US, Australia Continue Call for Credible Election Inquiry

In the wake of an announcement by the National Election Committee (NEC) that it has completed its investigation into election irregularities, the U.S. and Australian embassies in Phnom Penh on Monday continued to call for an independent and transparent inquiry into the results of the July 28 election.

“We still say that an investigation into irregularities needs to happen. The outcome of these electoral disputes needs to be something that Cambodian people as a whole will be happy with,” said Sean McIntosh, spokesman for the U.S. Embassy.

The Australian Embassy in Phnom Penh also said that it supports further investigations into irregularities alleged to have taken place during the national election.

“The Embassy calls on all concerned parties in Cambodia to assist in ensuring a transparent investigation of reported irregularities,” a spokesperson for the Australian Embassy said in an email.

Jean-Francois Cautain, the European Union’s (E.U.) ambassador to Cambodia, declined to comment Monday on whether the E.U. supported further investigation into irregularities.

However, in a statement sent to opposition leader Sam Rainsy last week, E.U. High Commissioner Cath­erine Ashton said that “alleged irregularities will have to be dealt with before the final result can be announced.”

“To this end, I strongly encourage your party to swiftly come to an agreement with all stakeholders involved on an adequate mechanism to deal with those issues,” she added.

Election monitors have said the NEC has now completely removed itself from the political conflict between the CPP and CNRP without making any significant effort to fulfill its role as mediator of electoral disputes.

But the statements from international donors calling for a credible investigation are unlikely to influence the government unless they are backed up by cuts to foreign aid, analysts say.

According to John Ciorciari, a Cambodia expert at the Uni­versity of Michigan’s Gerald R. Ford School of Public Policy, international donors would be unlikely to risk their relations with Cambodia over the government’s failure to cooperate in an election investigation.

“Beyond public and private exhortation, the main levers for immediate U.S. and E.U. influence are cuts to foreign aid. That is a card neither the U.S. nor E.U. is keen to play unless they believe the cuts will precipitate a serious inquiry and possibly lead to significant CPP concessions or even a re-vote leading to a possible change in power,” Mr. Ciorciari said.

“If [donors] expect cuts would simply drive the existing leadership away and would not generate meaningful concessions, they are less likely to find that strategy appealing.

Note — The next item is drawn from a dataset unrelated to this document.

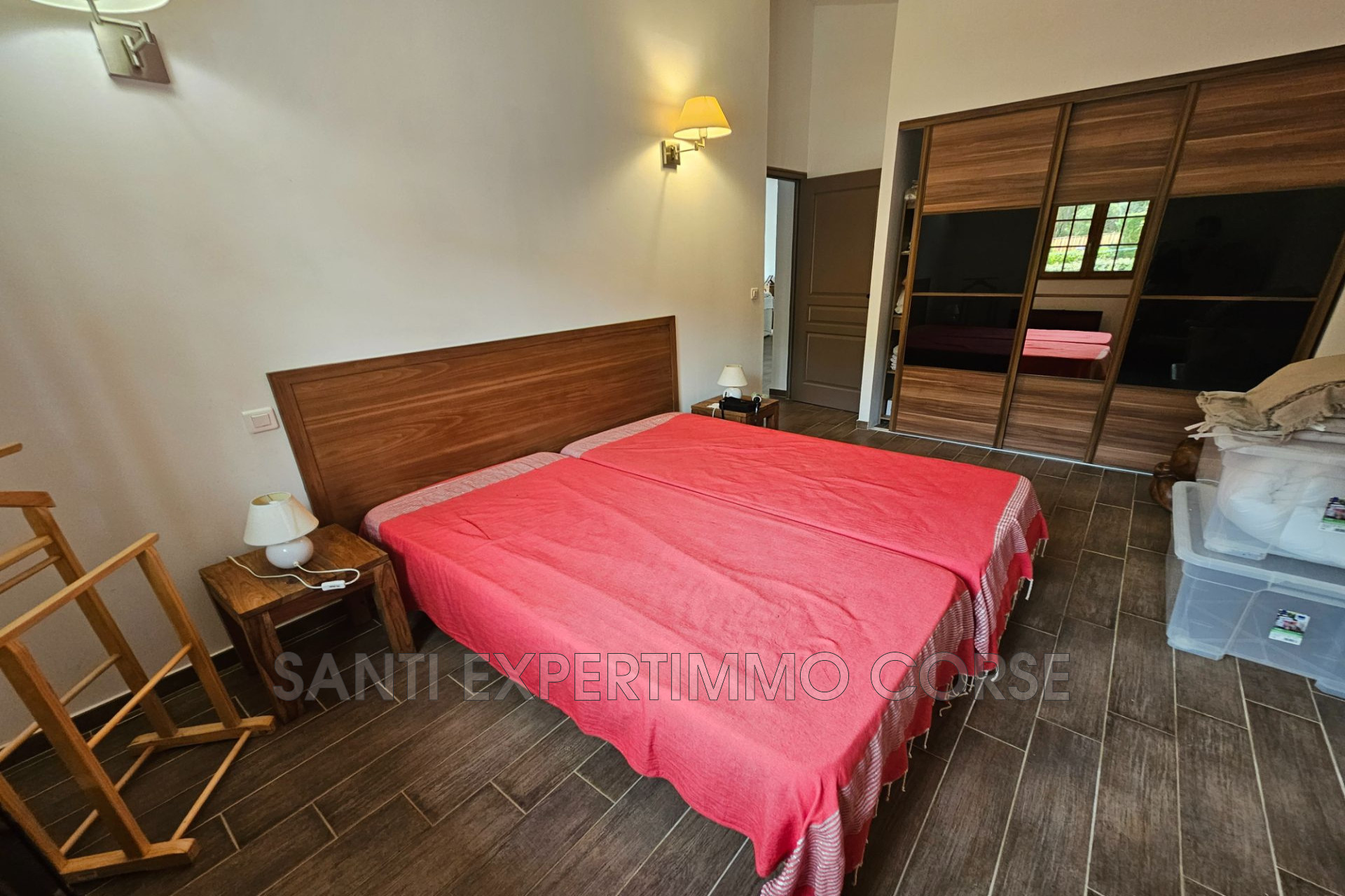 - Séjour (clim) avec beau volume : porte fenêtre donnant sur terrasse semi-couverte vue maquis

International pressure may be necessary to bring about an investigation, but it isn’t likely to be sufficient,” he added.

Although ignoring external criticism has become a post-election ritual for the CPP, the relatively narrow margin of victory this year, along with the scale of reported ir­regularities, has the potential to change typical power dynamics, said Carlyle Thayer, a Southeast Asia expert at the Australian Defense Force Academy.

“Calling for investigation by outside bodies happens after every election, but to my knowledge the NEC has perfunctorily rejected these complaints and not changed a single result. This year is different,” he said, adding that the burden of proof was now on the CNRP to present a compelling case that they would have won the election if not for irregularities engineered by the CPP.

“If it looks like the regime is stonewalling and will not do a major investigation into massive electoral fraud, then outside powers have the leverage of cutting aid or being punitive if that is going to change anything,” said Mr. Thayer.

“But [the CPP] are masters of using all levers of their incumbency in power to prevent these election results from being overturned. They will do it with just enough veneer of legality that makes it difficult for outside countries [to take punitive measures],” he added.

Despite the calls for a credible investigation, NEC Secretary-General Tep Nytha said that the electoral commission had done its part in “settling” 17 complaints over the election results submitted by the opposition CNRP, all of which were ultimately rejected.

“The NEC has fulfilled its obligation and we have resolved the complaints properly and correctly. We conducted the investigation properly in order to clarify the ballot count,” Mr. Nytha said.

Prime Minister Hun Sen struck a conciliatory tone in his first remarks following the election, saying that the CPP was willing to cooperate with the CNRP in forming a joint committee to investigate the election. But negotiations between the two parties have stalled since then.

In an initial round of negotiations between the CPP and CNRP on August 9, the two parties agreed in principle to the formation of an ad hoc committee to investigate election irregularities. However, the two sides remain at odds over who would head the investigation.

The CPP insists that it will only participate if the process is led by the NEC, while the CNRP is de­manding that the investigation be conducted by an independent body, as it alleges that the CPP and NEC collaborated in committing electoral manipulation and voter fraud.

Independent political analyst Lao Mong Hay said neither the NEC nor CPP have indicated that they are willing to delay a timetable that would see a new government formed by the end of September.

“It seems that the ruling party is determined to push ahead and force its way into the opening of the National Assembly and the formation of a new government as soon as possible,” he said.